_Work task_.
Please output the section of the listing below that opens with the line containing "[포토]나란히 득점 올리는 두산 양석환-김재환" and closes with the line containing "1920s Small Beaded", exactly and with nothing else.

_Source data_.
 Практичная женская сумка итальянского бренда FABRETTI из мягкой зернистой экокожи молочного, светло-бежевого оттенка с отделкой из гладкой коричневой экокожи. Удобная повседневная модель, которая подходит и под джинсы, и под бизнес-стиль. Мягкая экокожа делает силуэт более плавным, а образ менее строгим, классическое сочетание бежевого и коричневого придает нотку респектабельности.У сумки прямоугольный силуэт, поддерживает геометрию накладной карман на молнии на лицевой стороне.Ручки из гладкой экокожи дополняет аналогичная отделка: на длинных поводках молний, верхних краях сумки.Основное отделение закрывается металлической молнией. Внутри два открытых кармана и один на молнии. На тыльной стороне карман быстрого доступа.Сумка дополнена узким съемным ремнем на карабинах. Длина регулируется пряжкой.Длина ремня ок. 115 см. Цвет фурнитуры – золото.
==
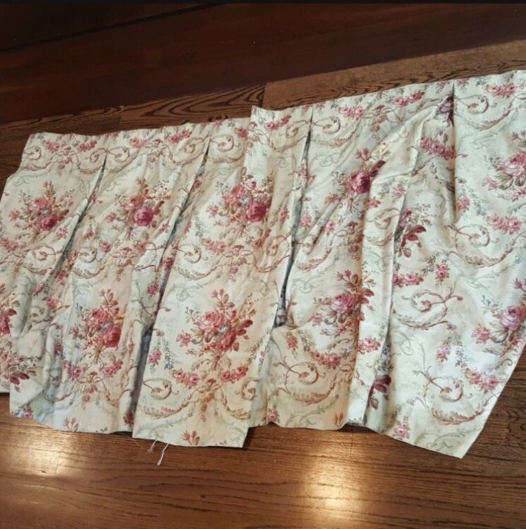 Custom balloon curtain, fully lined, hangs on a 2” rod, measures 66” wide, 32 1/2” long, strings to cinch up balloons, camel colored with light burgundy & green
--
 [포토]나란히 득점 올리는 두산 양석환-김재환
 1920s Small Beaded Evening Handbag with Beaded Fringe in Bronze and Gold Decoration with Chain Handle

_Answer box_.
 [포토]나란히 득점 올리는 두산 양석환-김재환
 1920s Small Beaded Evening Handbag with Beaded Fringe in Bronze and Gold Decoration with Chain Handle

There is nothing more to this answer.